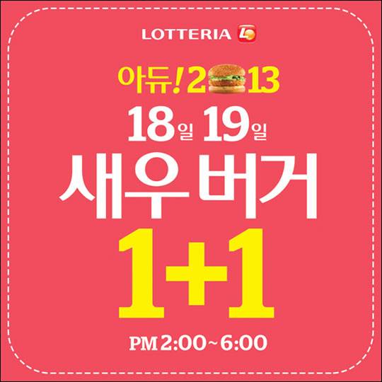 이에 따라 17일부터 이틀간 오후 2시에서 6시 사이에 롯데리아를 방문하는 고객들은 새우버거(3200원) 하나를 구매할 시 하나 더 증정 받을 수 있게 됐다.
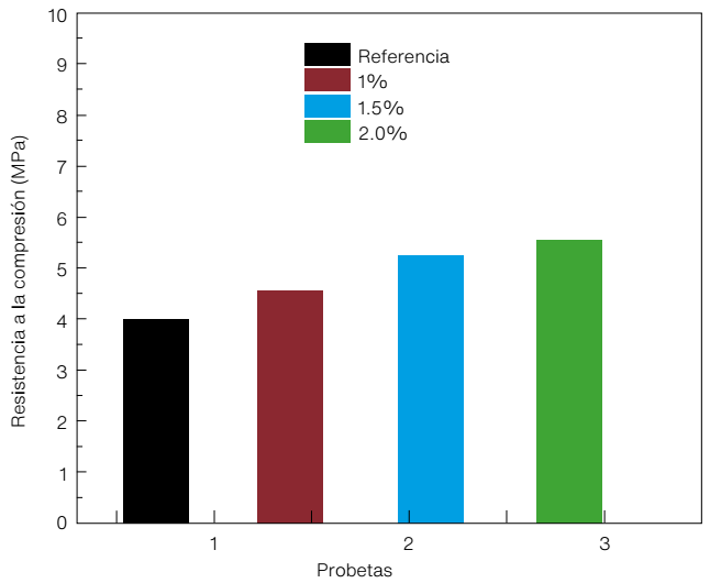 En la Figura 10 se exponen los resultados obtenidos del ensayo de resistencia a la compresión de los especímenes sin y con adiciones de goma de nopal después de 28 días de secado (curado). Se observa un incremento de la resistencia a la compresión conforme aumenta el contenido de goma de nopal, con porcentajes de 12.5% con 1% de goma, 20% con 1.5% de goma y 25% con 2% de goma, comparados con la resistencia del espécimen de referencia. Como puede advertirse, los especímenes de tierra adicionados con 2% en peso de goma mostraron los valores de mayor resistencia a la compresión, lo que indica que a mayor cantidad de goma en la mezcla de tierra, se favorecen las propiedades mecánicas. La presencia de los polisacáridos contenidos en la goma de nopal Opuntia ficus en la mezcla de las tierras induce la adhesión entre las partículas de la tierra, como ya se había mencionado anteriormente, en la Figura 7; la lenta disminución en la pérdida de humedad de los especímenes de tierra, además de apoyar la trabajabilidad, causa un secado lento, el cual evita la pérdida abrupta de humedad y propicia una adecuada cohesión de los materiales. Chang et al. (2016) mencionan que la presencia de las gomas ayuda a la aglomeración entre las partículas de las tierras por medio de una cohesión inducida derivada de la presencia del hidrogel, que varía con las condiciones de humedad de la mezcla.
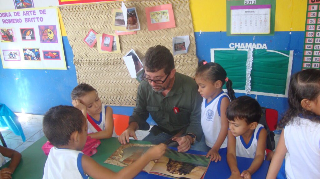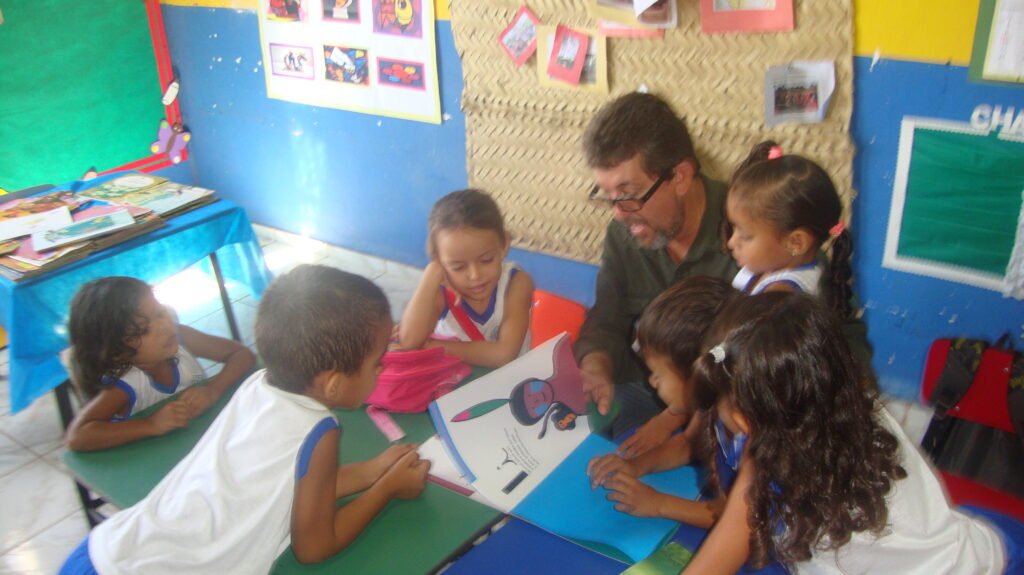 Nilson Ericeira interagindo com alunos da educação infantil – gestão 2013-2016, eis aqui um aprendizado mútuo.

▶ _Try it_
Please copy the data above exactly, omitting the pictures.

▶ _Answer section_
 이에 따라 17일부터 이틀간 오후 2시에서 6시 사이에 롯데리아를 방문하는 고객들은 새우버거(3200원) 하나를 구매할 시 하나 더 증정 받을 수 있게 됐다.
 En la Figura 10 se exponen los resultados obtenidos del ensayo de resistencia a la compresión de los especímenes sin y con adiciones de goma de nopal después de 28 días de secado (curado). Se observa un incremento de la resistencia a la compresión conforme aumenta el contenido de goma de nopal, con porcentajes de 12.5% con 1% de goma, 20% con 1.5% de goma y 25% con 2% de goma, comparados con la resistencia del espécimen de referencia. Como puede advertirse, los especímenes de tierra adicionados con 2% en peso de goma mostraron los valores de mayor resistencia a la compresión, lo que indica que a mayor cantidad de goma en la mezcla de tierra, se favorecen las propiedades mecánicas. La presencia de los polisacáridos contenidos en la goma de nopal Opuntia ficus en la mezcla de las tierras induce la adhesión entre las partículas de la tierra, como ya se había mencionado anteriormente, en la Figura 7; la lenta disminución en la pérdida de humedad de los especímenes de tierra, además de apoyar la trabajabilidad, causa un secado lento, el cual evita la pérdida abrupta de humedad y propicia una adecuada cohesión de los materiales. Chang et al. (2016) mencionan que la presencia de las gomas ayuda a la aglomeración entre las partículas de las tierras por medio de una cohesión inducida derivada de la presencia del hidrogel, que varía con las condiciones de humedad de la mezcla.
 Nilson Ericeira interagindo com alunos da educação infantil – gestão 2013-2016, eis aqui um aprendizado mútuo.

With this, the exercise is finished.